Statistical Model‐Based Voice Activity Detection Based on Second‐Order Conditional MAP with Soft Decision
Author(s) -
Chang JoonHyuk
Publication year - 2012
Publication title -
etri journal
Language(s) - English
Resource type - Journals
SCImago Journal Rank - 0.295
H-Index - 46
eISSN - 2233-7326
pISSN - 1225-6463
DOI - 10.4218/etrij.12.0111.0344
Subject(s) - computer science , frame (networking) , inter frame , maximum a posteriori estimation , a priori and a posteriori , voice activity detection , speech recognition , algorithm , artificial intelligence , mathematics , speech processing , reference frame , maximum likelihood , statistics , telecommunications , philosophy , epistemology
In this paper, we propose a novel approach to statistical model‐based voice activity detection (VAD) that incorporates a second‐order conditional maximum a posteriori (CMAP) criterion.

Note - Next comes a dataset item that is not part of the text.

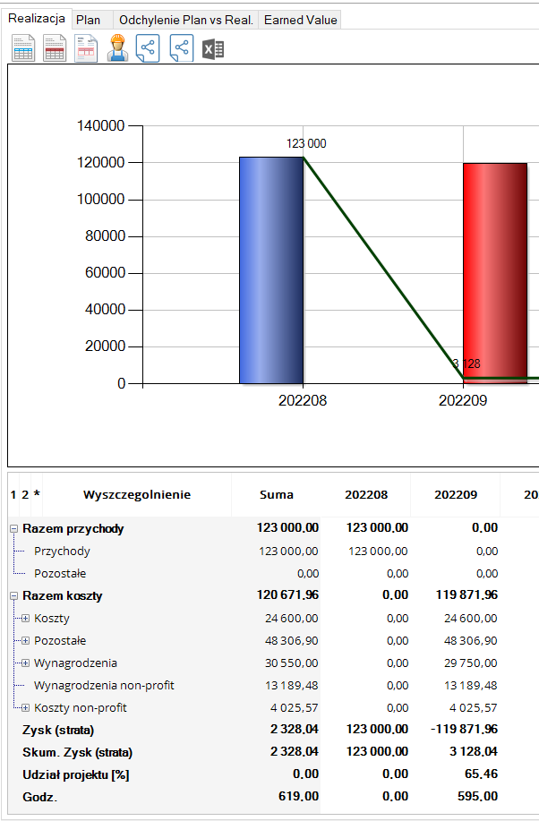 Na przedstawionym poniżej przykładzie widać, że zastosowano podział kosztów pozostałych (ogólnozakładowych) na rodzaje i wyliczono je dla projektu poprzez przemnożenie sumy wszystkich kosztów ogólnozakładowych w firmie przez wartość 0,6546 to oznacza, że około 65% wszystkich kosztów ogólnozakładowych obciąża ten projekt. Jak widać na poniższym przykładzie koszty zakupów związanych z realizacją projektu wynoszą 24600 zł, koszty wynagrodzeń projektantów realizujących projekt w miesiącu to kwota 29750 zł w tym samym okresie. Zatem koszty działań na które ma wpływ kierownik projektu wynoszą 54 350 zł. Mając na uwadze, że po stronie przychodowej w dniu rozpoczęcia realizacji projektu wpłynęła zaliczka w wysokości 123 000 zł, to z punktu widzenia kierownika projektu sytuacja finansowa jest bardzo dobra, wynik netto wynosi 68 650 złotych. Jednak po doliczeniu kosztów ogólnozakładowych w wysokości 65 521,05 zł, wynik projektu wynosi zaledwie 3 128, 04 zł. Ten rzeczywisty przykład pokazuje, jak ważne jest uwzględnianie kosztów ogólnozakładowych w analizie funkcjonowania firmy projektowej.
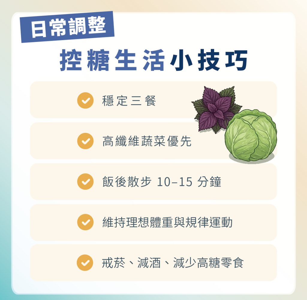 輕度運動可促進肌肉直接吸收血糖,減少胰島素負擔,即使只是室內踏步、上下樓梯或簡單伸展,也能幫助血糖更平穩。 - 維持理想體重與規律運動

As a technical improvement for the first‐order CMAP criterion in [1], we consider both the current observation and the voice activity decision in the previous two frames to take full consideration of the interframe correlation of voice activity. This is clearly different from the previous approach [1] in that we employ the voice activity decisions in the second‐order (previous two frames) CMAP, which has quadruple thresholds with an additional degree of freedom, rather than the first‐order (previous single frame). Also, a soft‐decision scheme is incorporated, resulting in time‐varying thresholds for further performance improvement. Experimental results show that the proposed algorithm outperforms the conventional CMAP‐based VAD technique under various experimental conditions.